[Stored entries]

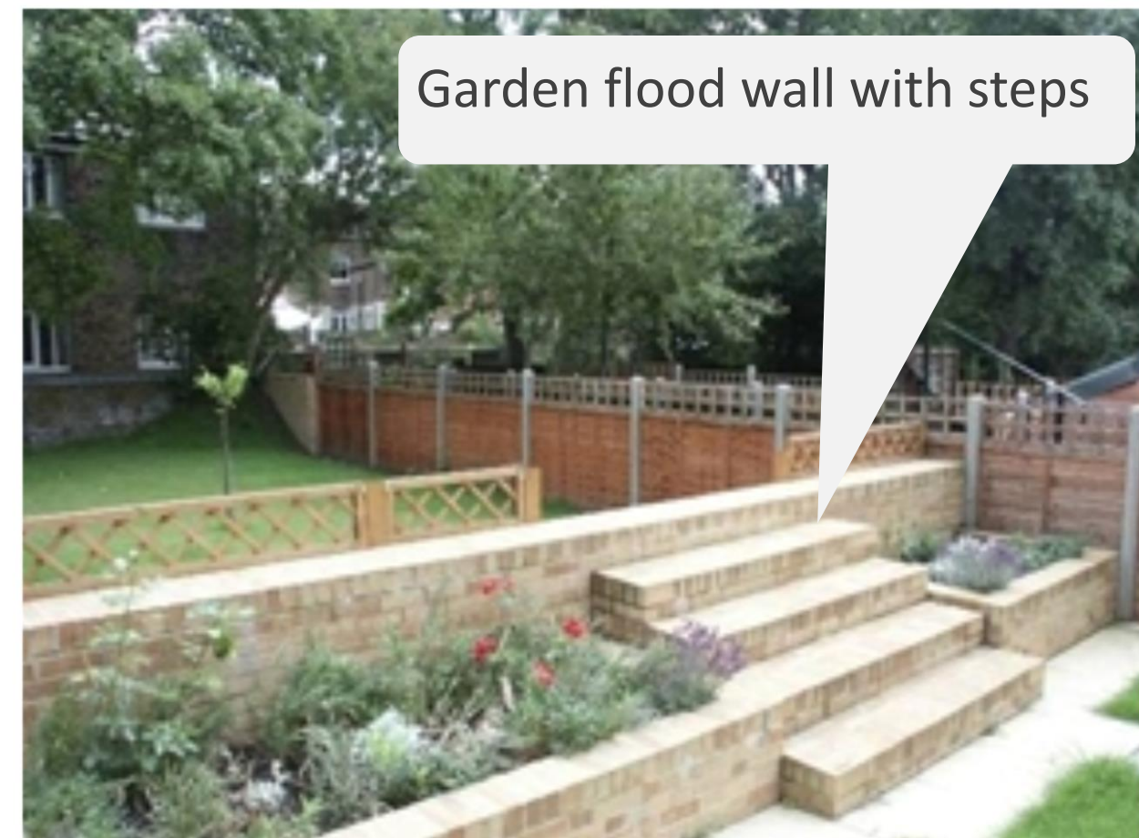
EA Fluvial Design Guide (Garden walls)
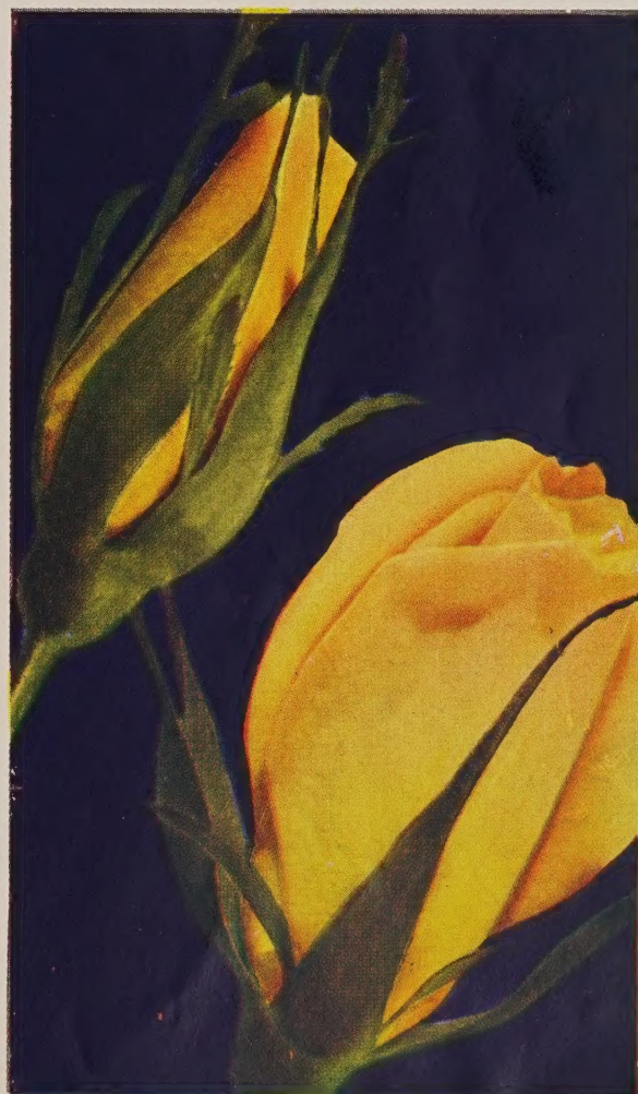
COPYRIGHT ECLIPSE—$1.25 each; 3 for $3.15 (Plant Patent No. 172)
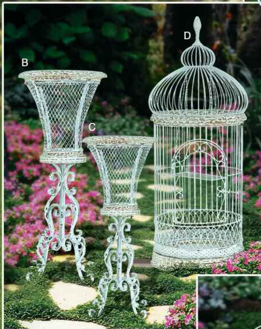
C. 56-75106 FRNCHWREPLNTRW/STND,S32"
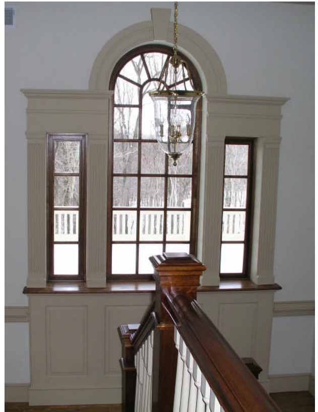
Palladian window on main stair landing.
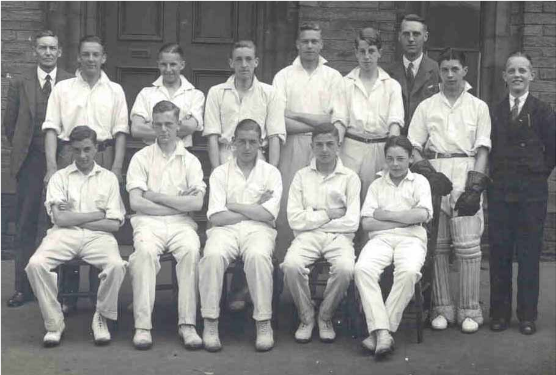
1931 Team Photo:
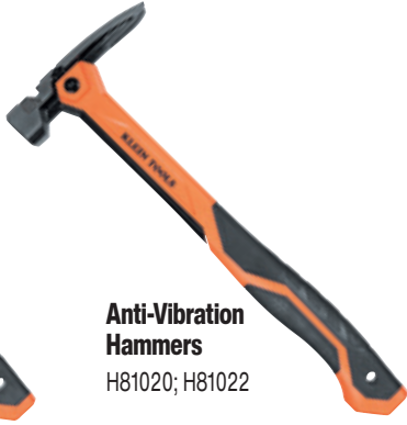
Anti-Vibration Hammers H81020; H81022

DUAL SIDE NAIL PULLERS PULLS NAILS IN TIGHT SPACES
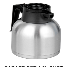
CARAFE,SST 1.9L SHRT BLK 1
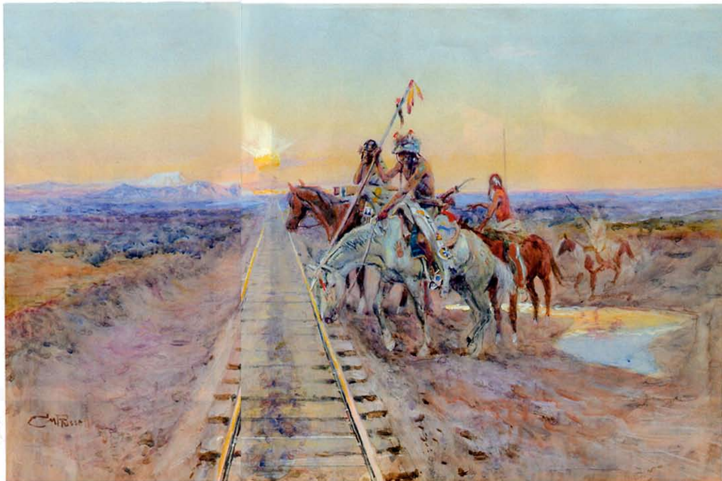
Charles M. Russell (1864-1926), Trail of the Iron Horse , 1924, watercolor on paper, 17½ x 27½" Estimate: $1.5/2.5 million
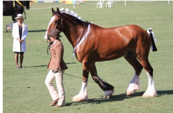
Tullymore Sir Edward – 5 th Gelding over 4yrs
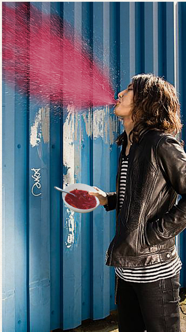
Spitting out ALL my borscht to stick it to Putin

If that’s the case, let me make something clear right now: I am a celebrity just like any of the other guys. No matter what my politics may be, being a celebrity comes first. And if there’s one thing that’s true at this moment, any celebrity will sell their soul to be the face of a crypto ad in 2022. I simply ask that you give me proper consideration as well. 🙏
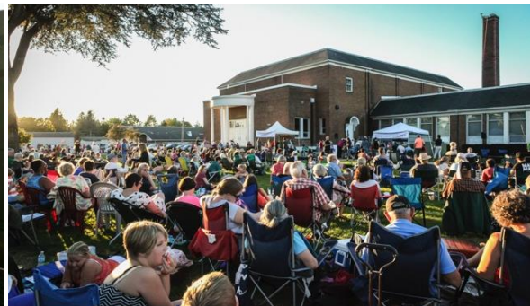
2015 Swift Night Out event
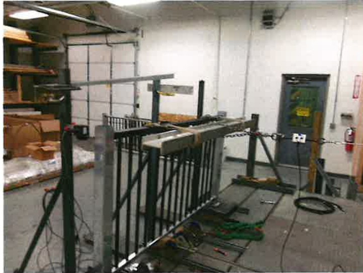
Photo No. 3 Horizontal Uniform Load Test on Top Rail
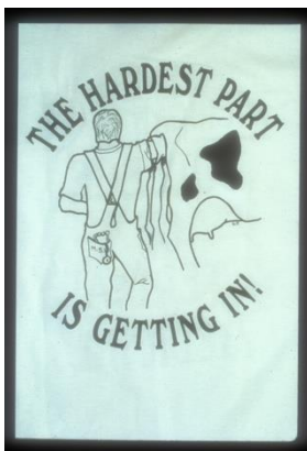
Fig. 3 Vet School T-shirt.

When a vet school sells a t-shirt that says, 'The Hardest Part is Getting In', showing a man elbow-deep in a cow's vagina (fig.3), they are talking about more than forced artificial insemination. Pharmaceutical companies sell their products with images of sexy chickens who desire to be consumed (fig. 4), and cows who need to stay pregnant (fig.5). They, too, are talking on several levels at the same time: the idea of women's bodies as sexually consumable and available for pregnancy haunts these images.
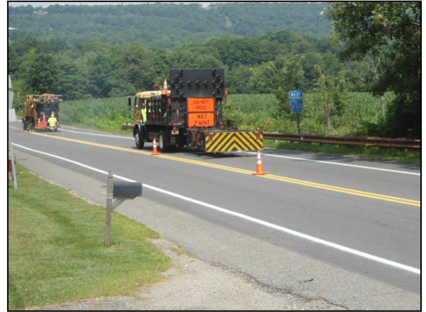
Typical Striping Operation
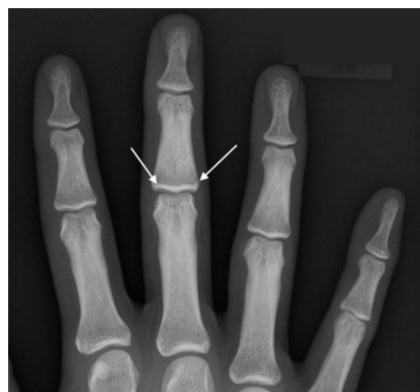
Figure 3. Subchondral sclerosis and broadened joint base.

measurements were performed with a translucent scale using a magnifying glass; most (92%) of the re-evaluation radiographs could be analyzed digitally.
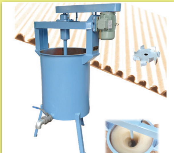
Corrugation gum tank We have two gum tanks Size : 400kg (corrugation gum tank) 600kg (pasting gum tank)
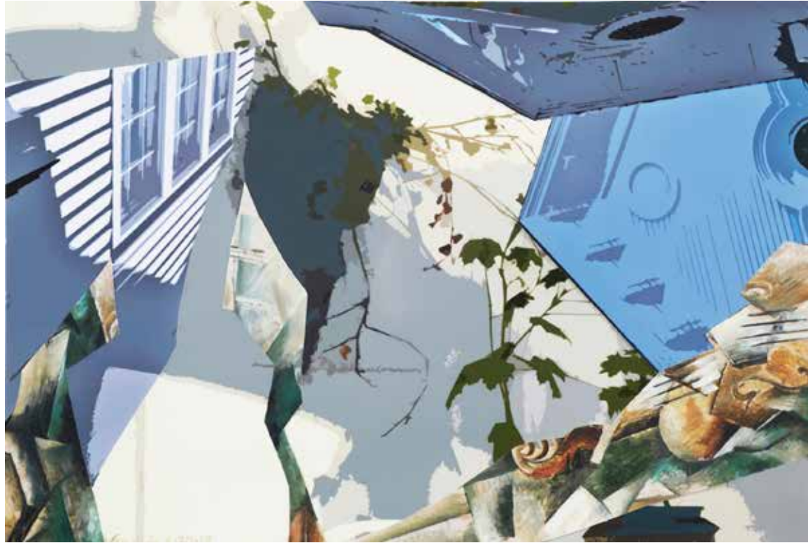
Study for Blue Corbels 6.75" x 10" Collage 2011
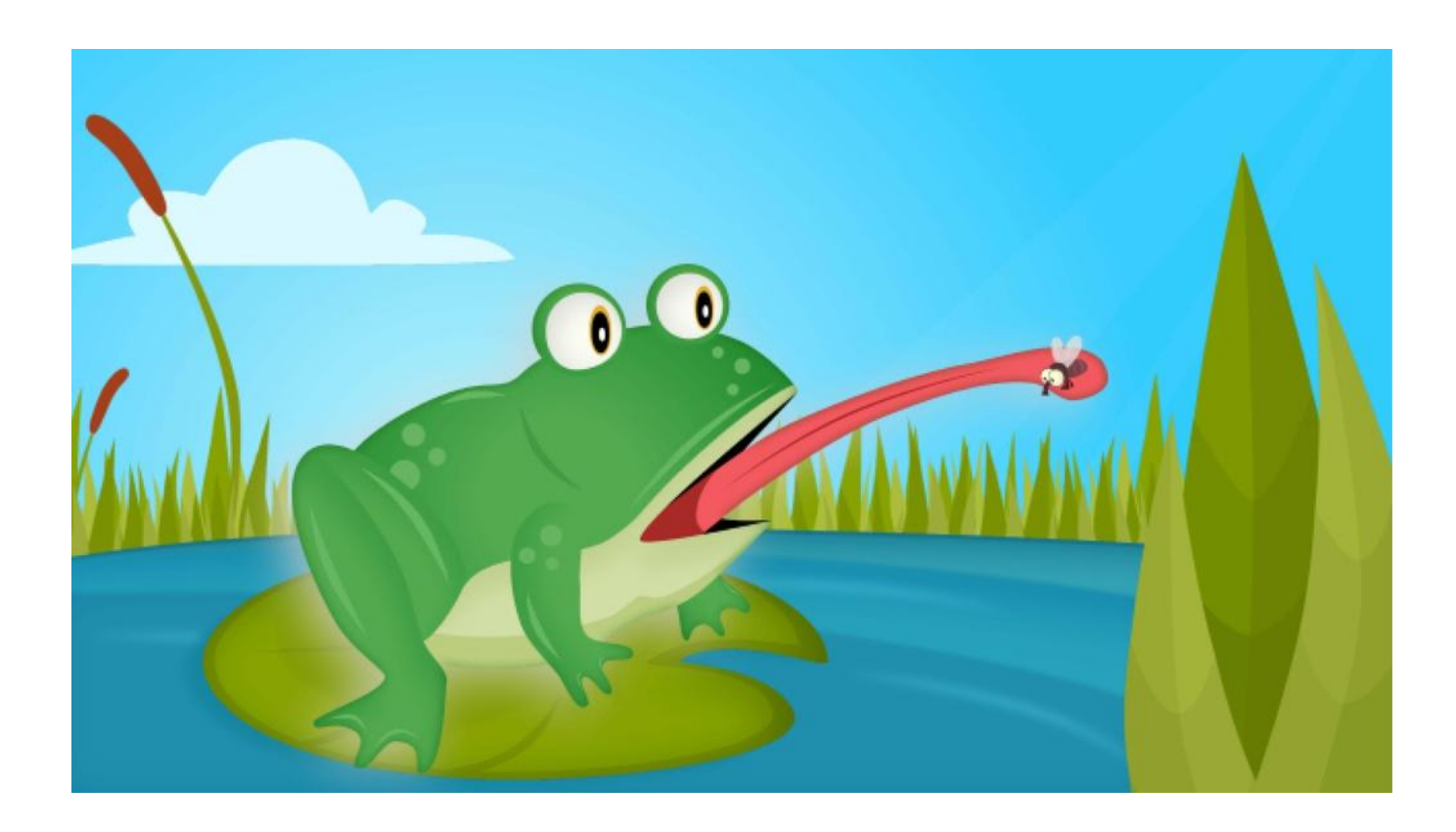
The frog ate the fly.
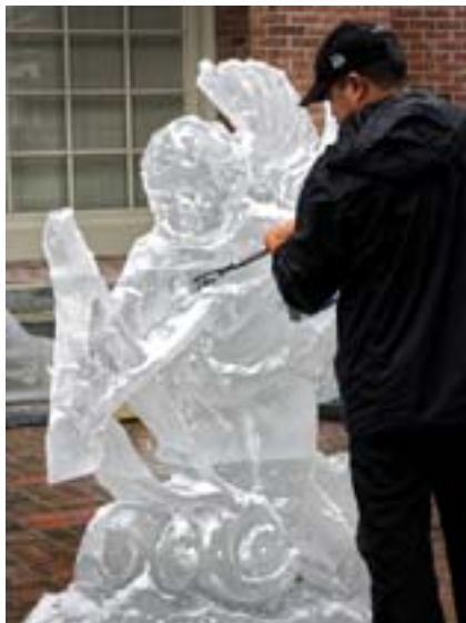
#3: It's Taking Shape
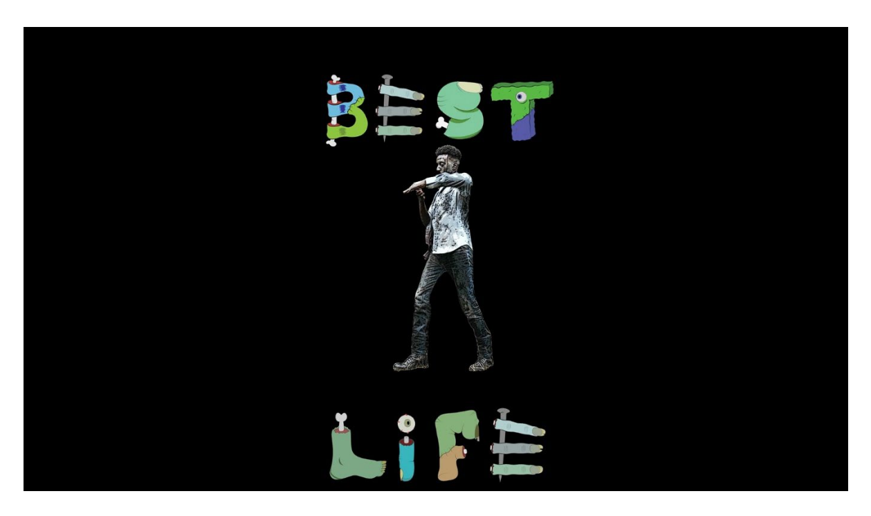
My first attempt at my final product. At first I was pretty confused about what to do for this project. After I switched to this idea I started piecing effects and elements together until I got something I was content with.
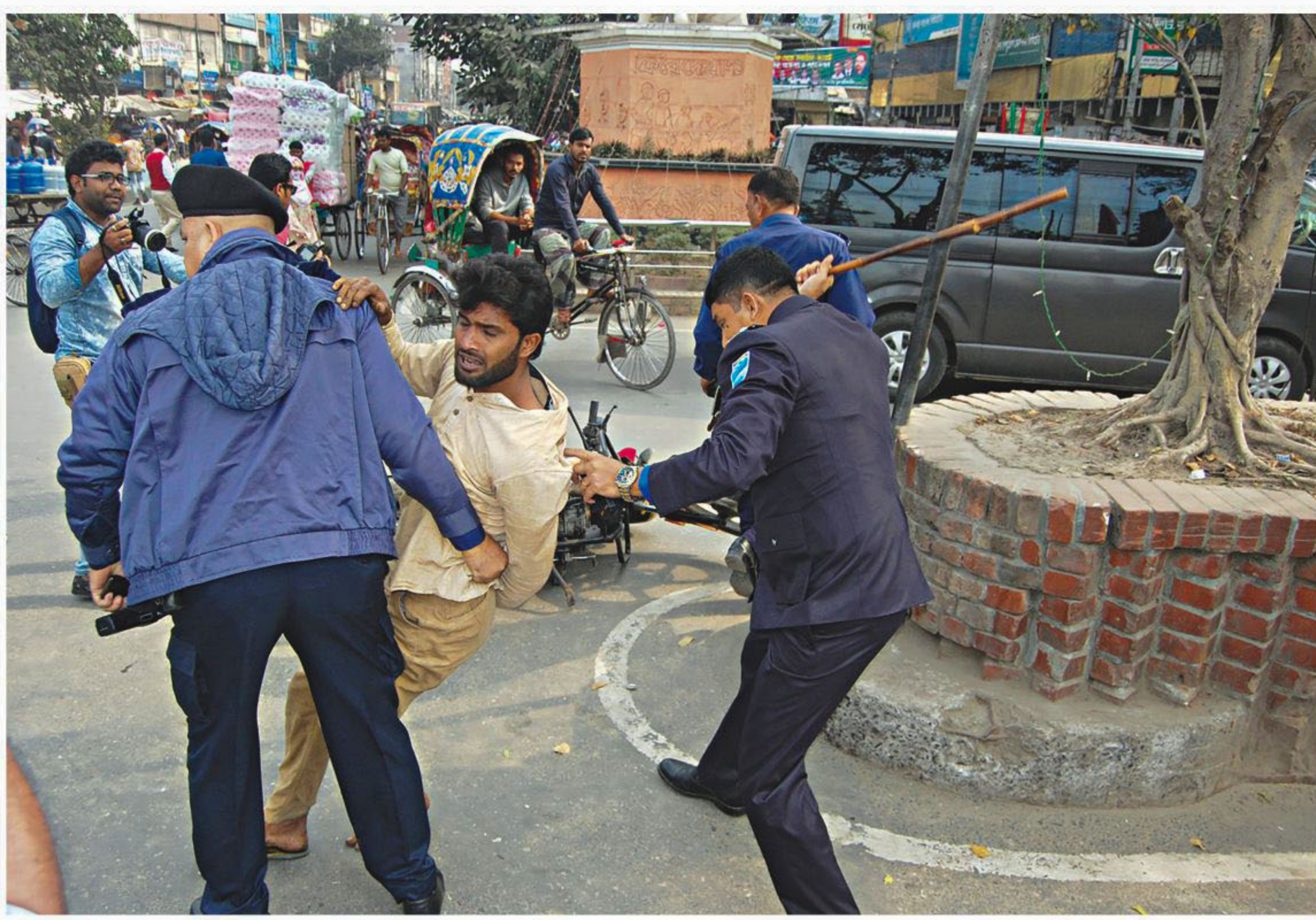
Policemen baton-charge a Swetchhasebak Dal activist after obstructing a procession of the pro-BNP organisation on Bangabandhu Road in Narayanganj yesterday morning. The law enforcers also picked up several activists following a scuffle with cops.
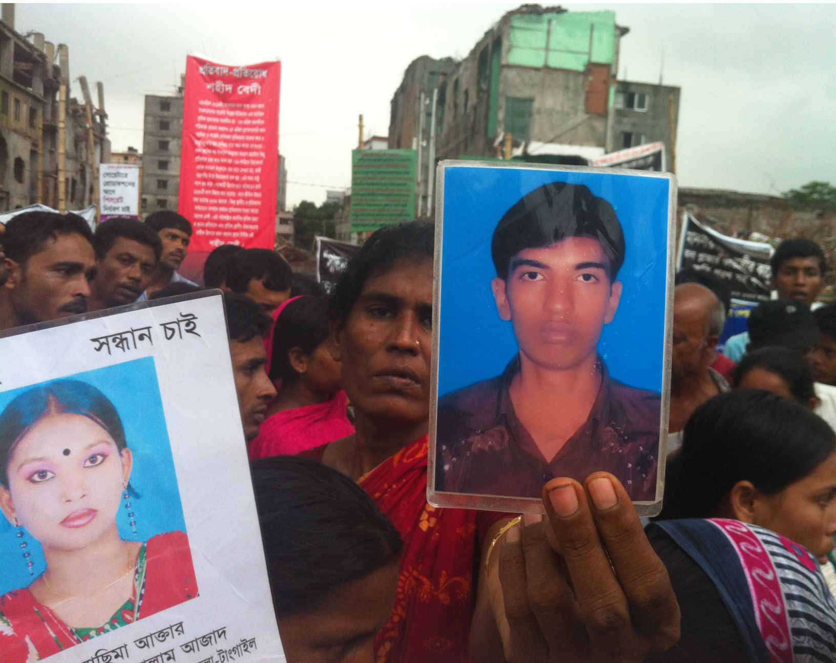
Demonstration in front of Rana Plaza on the International Day of Action to End Deathtraps, June 29, 2013.
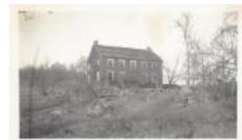
#133 Dwight Main Place (Coll. 003 Vol. 002 Photo 061)
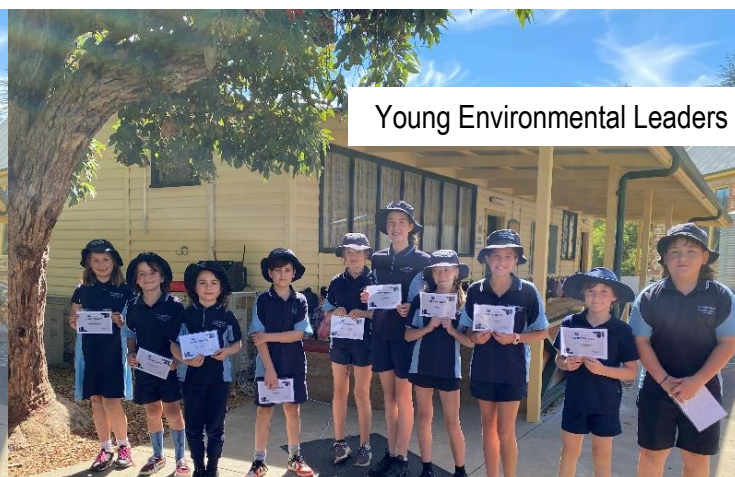
Young Environmental Leaders

> _Work task_
Return the entries verbatim, pictures excluded.

> _Answer to this exercise_
EA Fluvial Design Guide (Garden walls)
COPYRIGHT ECLIPSE—$1.25 each; 3 for $3.15 (Plant Patent No. 172)
C. 56-75106 FRNCHWREPLNTRW/STND,S32"
Palladian window on main stair landing.
1931 Team Photo:
Anti-Vibration Hammers H81020; H81022

DUAL SIDE NAIL PULLERS PULLS NAILS IN TIGHT SPACES
CARAFE,SST 1.9L SHRT BLK 1
Charles M. Russell (1864-1926), Trail of the Iron Horse , 1924, watercolor on paper, 17½ x 27½" Estimate: $1.5/2.5 million
Tullymore Sir Edward – 5 th Gelding over 4yrs
Spitting out ALL my borscht to stick it to Putin

If that’s the case, let me make something clear right now: I am a celebrity just like any of the other guys. No matter what my politics may be, being a celebrity comes first. And if there’s one thing that’s true at this moment, any celebrity will sell their soul to be the face of a crypto ad in 2022. I simply ask that you give me proper consideration as well. 🙏
2015 Swift Night Out event
Photo No. 3 Horizontal Uniform Load Test on Top Rail
Fig. 3 Vet School T-shirt.

When a vet school sells a t-shirt that says, 'The Hardest Part is Getting In', showing a man elbow-deep in a cow's vagina (fig.3), they are talking about more than forced artificial insemination. Pharmaceutical companies sell their products with images of sexy chickens who desire to be consumed (fig. 4), and cows who need to stay pregnant (fig.5). They, too, are talking on several levels at the same time: the idea of women's bodies as sexually consumable and available for pregnancy haunts these images.
Typical Striping Operation
Figure 3. Subchondral sclerosis and broadened joint base.

measurements were performed with a translucent scale using a magnifying glass; most (92%) of the re-evaluation radiographs could be analyzed digitally.
Corrugation gum tank We have two gum tanks Size : 400kg (corrugation gum tank) 600kg (pasting gum tank)
Study for Blue Corbels 6.75" x 10" Collage 2011
The frog ate the fly.
#3: It's Taking Shape
My first attempt at my final product. At first I was pretty confused about what to do for this project. After I switched to this idea I started piecing effects and elements together until I got something I was content with.
Policemen baton-charge a Swetchhasebak Dal activist after obstructing a procession of the pro-BNP organisation on Bangabandhu Road in Narayanganj yesterday morning. The law enforcers also picked up several activists following a scuffle with cops.
Demonstration in front of Rana Plaza on the International Day of Action to End Deathtraps, June 29, 2013.
#133 Dwight Main Place (Coll. 003 Vol. 002 Photo 061)
Young Environmental Leaders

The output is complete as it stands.